**Data section:**
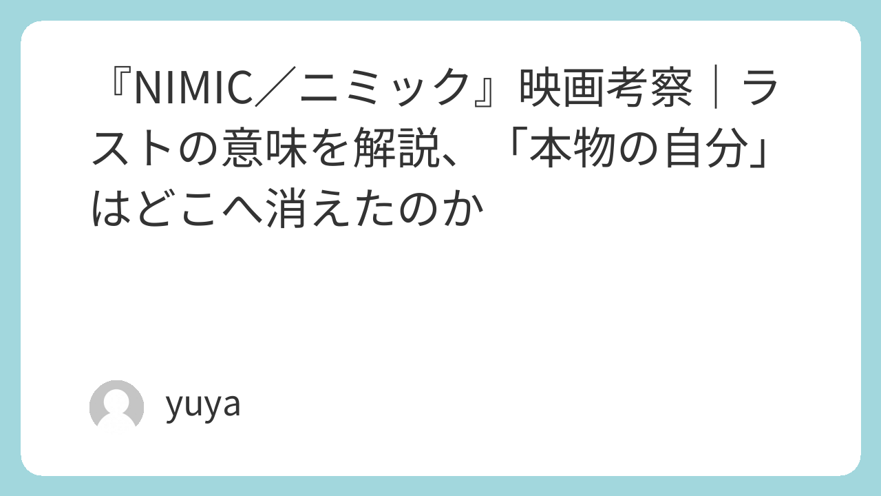 この記事では、タイトルの意味、作中の違和感の正体、そして議論を呼ぶラストまでをつなげて、『NIMIC/ニミック』をわかりやすく考察していきます。※ネタバレあり
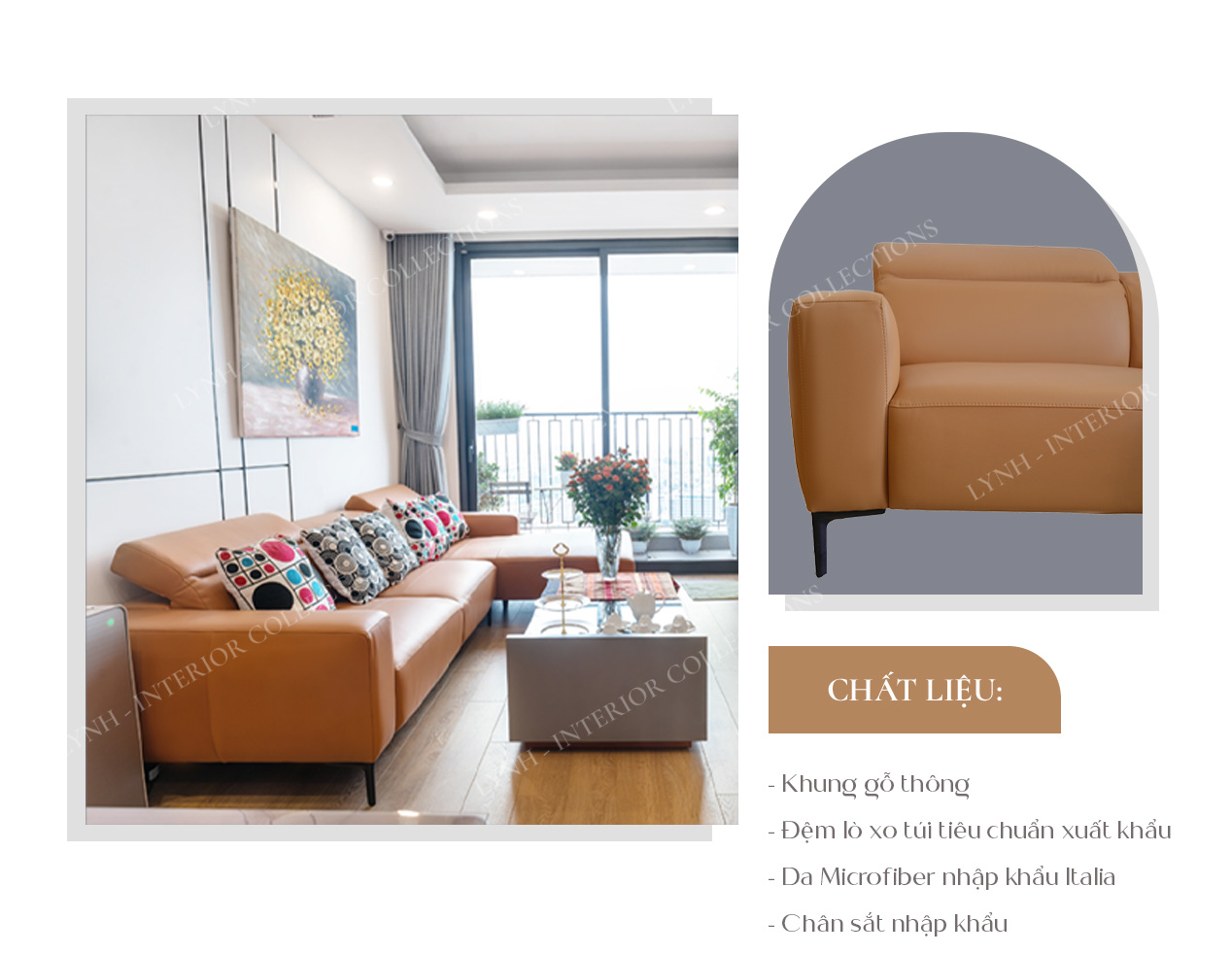 - Ảnh sản phẩm 100% là ảnh chụp thật tại LYNH, quý khách hàng có thể ghé showroom để trải nghiệm thực tế về chất lượng và mẫu mã sản phẩm. Hãy liên hệ với LYNH theo hotline 1900055585 để được tư vấn miễn phí về sofa và những sản phẩm nội thất khác nhé!
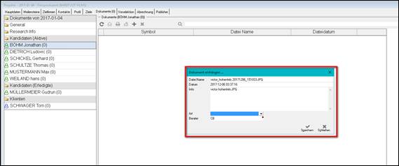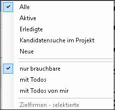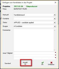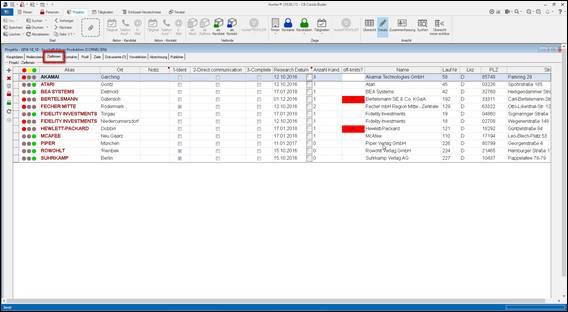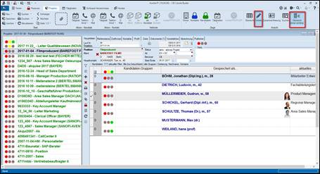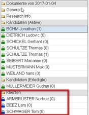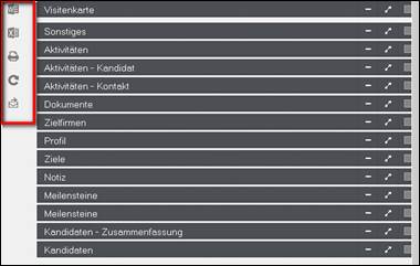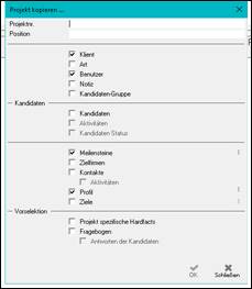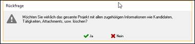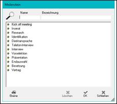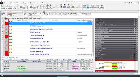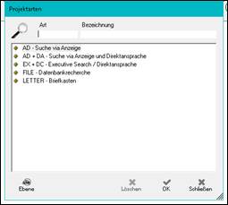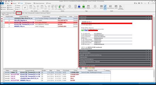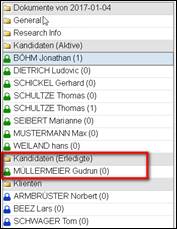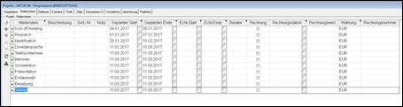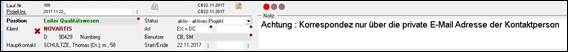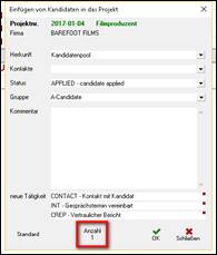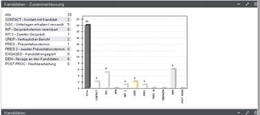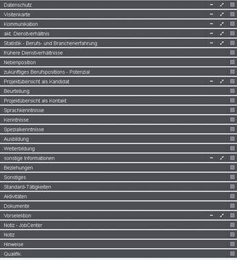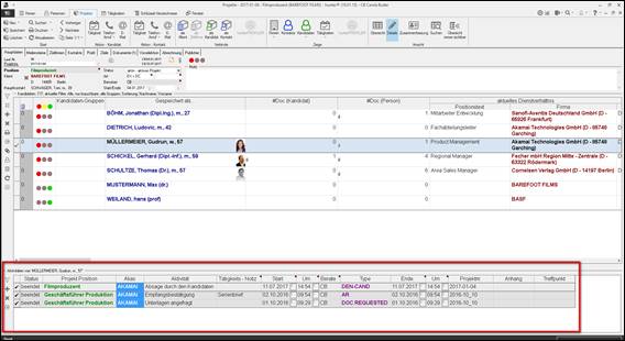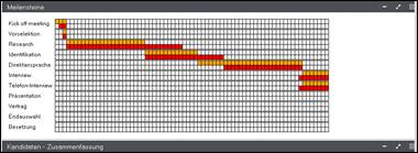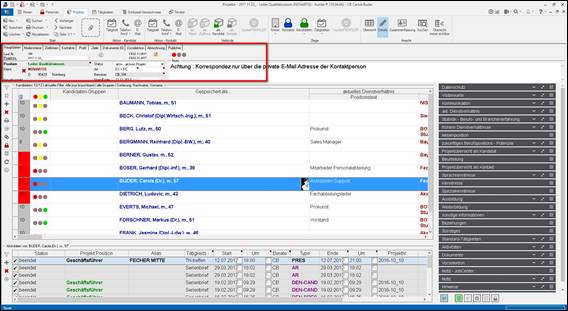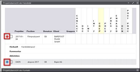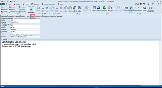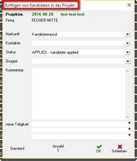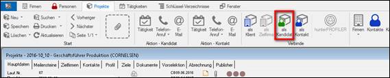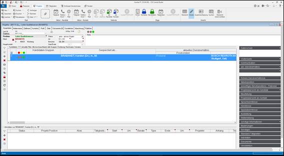 Hier wird das Projekt geführt, Projektschritte dokumentiert, Schriftverkehr mit Klienten und Kandidaten und Tätigkeiten/Aktivitäten ausgeführt.

**Your goal:**
Give the listing again exactly, minus its images.

**Solution to the problem:**
 この記事では、タイトルの意味、作中の違和感の正体、そして議論を呼ぶラストまでをつなげて、『NIMIC/ニミック』をわかりやすく考察していきます。※ネタバレあり
 - Ảnh sản phẩm 100% là ảnh chụp thật tại LYNH, quý khách hàng có thể ghé showroom để trải nghiệm thực tế về chất lượng và mẫu mã sản phẩm. Hãy liên hệ với LYNH theo hotline 1900055585 để được tư vấn miễn phí về sofa và những sản phẩm nội thất khác nhé!
 Hier wird das Projekt geführt, Projektschritte dokumentiert, Schriftverkehr mit Klienten und Kandidaten und Tätigkeiten/Aktivitäten ausgeführt.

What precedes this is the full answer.